Potential Elements of RBS Training

  • The importance of checking age identification of customers who appear under age 30.

  • How to identify fake IDs and what to do once a fake ID is confiscated.

  • How to recognize situations in which adults are buying alcohol for underage youth.

Potential Elements of RBS Training

  • How to refuse sales to individuals who may supply alcohol to underage youth.

  • How to identify intoxicated customers.

  • How to refuse service to underage youth and intoxicated customers.

RBS Implementation Considerations

  • In-house trainer

  • Managers who have received RBS training.

  • A monitoring system to ensure that all employees are adhering to responsible serving/selling practices.

Administrative Penalties

A legal mechanism that allows a local governing body to penalize alcohol license holders for failing to comply with state laws or local ordinances relating to sales of alcoholic beverages

  • Penalizes license holders (rather than the seller/server)

  • Issues a monetary fine or the suspension or revocation of an alcohol license

  • Is administered by a local governing body (city council, county board), rather than the court system

Graduated Penalties

  • Small cost for first offense

  • Larger consequences for those who don’t correct behavior

  • Fair and consistent

California Alcoholic Beverage Control

  • 1st offense (within 3 year period): possible probation, suspension or fine ranging from $750-$6,000

  • 2nd offense: mandatory license suspension

  • 3rd offense: license may be revoked

Revocation or Suspension

Revocation or suspension shall be preceded by a public hearing.

Disposition of Penalties

All penalties collected shall be paid to the city/town treasurer and used to fund the cost of development and operation of related programs

Checking Age Identification

Age identification policies are written guidelines at stores, bars and restaurants that provide employees with instructions on checking age identification of customers attempting to buy alcohol

Warning Posters

  • Remind salesclerks to check the age identification of all young-appearing customers.

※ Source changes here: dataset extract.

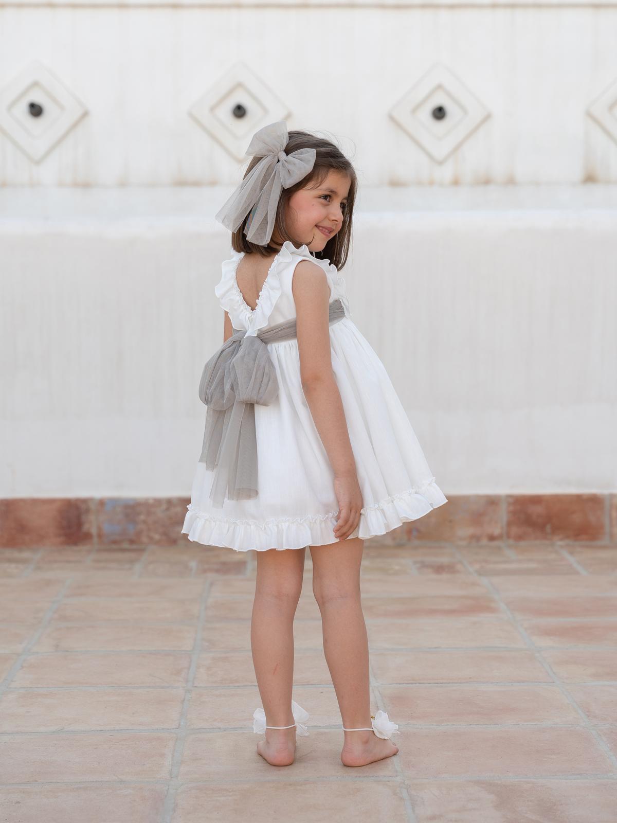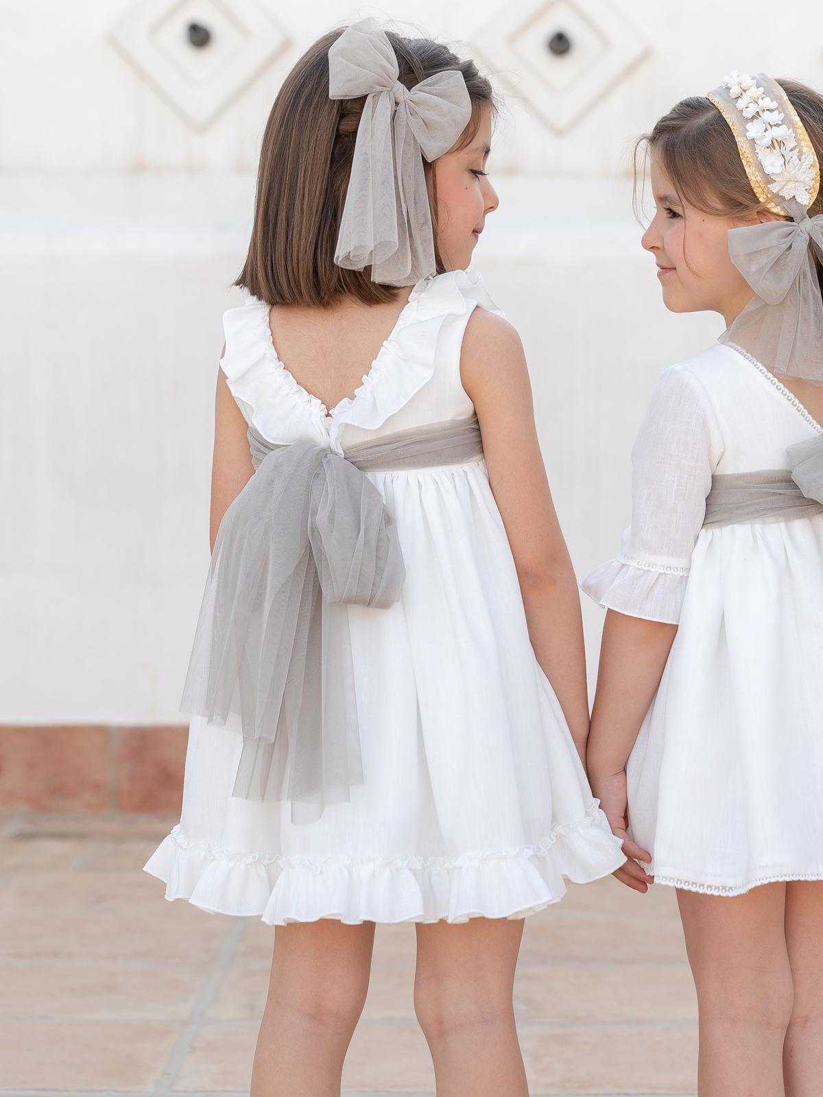 Vestido para ceremonia y arras de niña de la nueva colección de la firma española Eva Martínez Artesanía 2026, modelo 40412 tirantes de la familia Martina, en el largo CBG lleva incluida la braguita, confeccionado en semi hilo con fajín de tul a contraste. FABRICADO EN ESPAÑA. Medidas en la Descripcion.
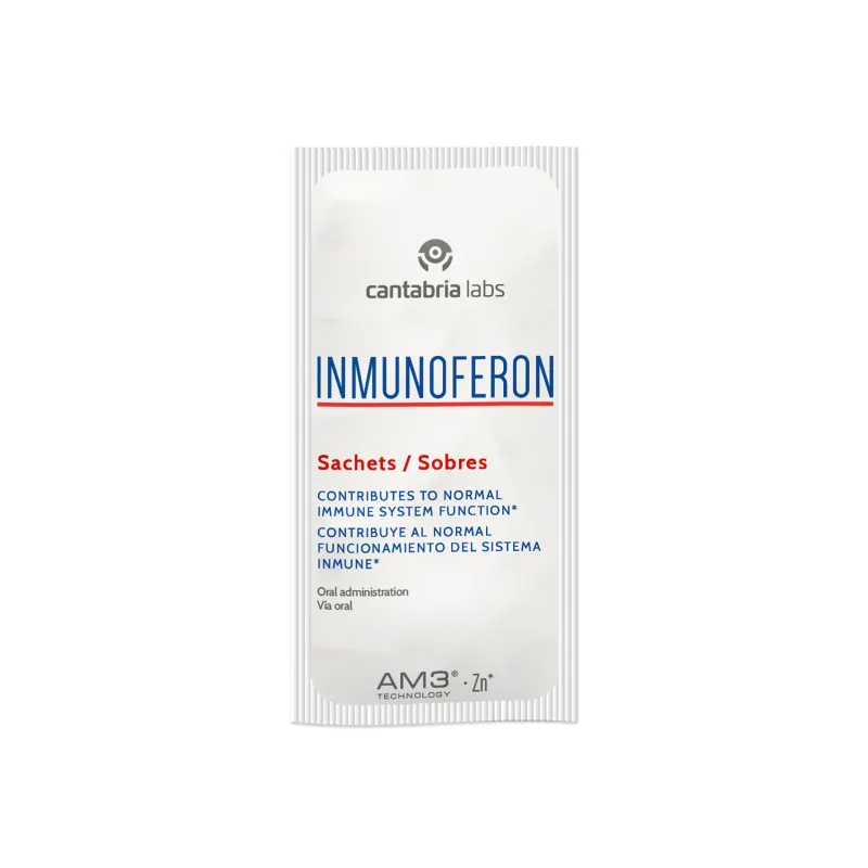 Inmunoferon es un complemento alimenticio en sobres que aporta AM3 (glucomanano y proteína de soja) y Zinc para contribuir al funcionamiento normal del sistema inmunitario con un agradable sabor.

  • Deter underage youth from illegally attempting to purchase alcohol.

Checking Identification Guidelines

  • Check the ID of anyone who looks under the age of 30.

  • Check the birth date to see that the person is over 21. Check to see if the birth date has been altered.

  • Check the ID photo and the recorded height for resemblance with the attempted buyer. Compare the hairline, eyebrows and chin shape on the photo-these are the most difficult features to change.

  • Check the expiration date. If it is expired, it is not a valid ID.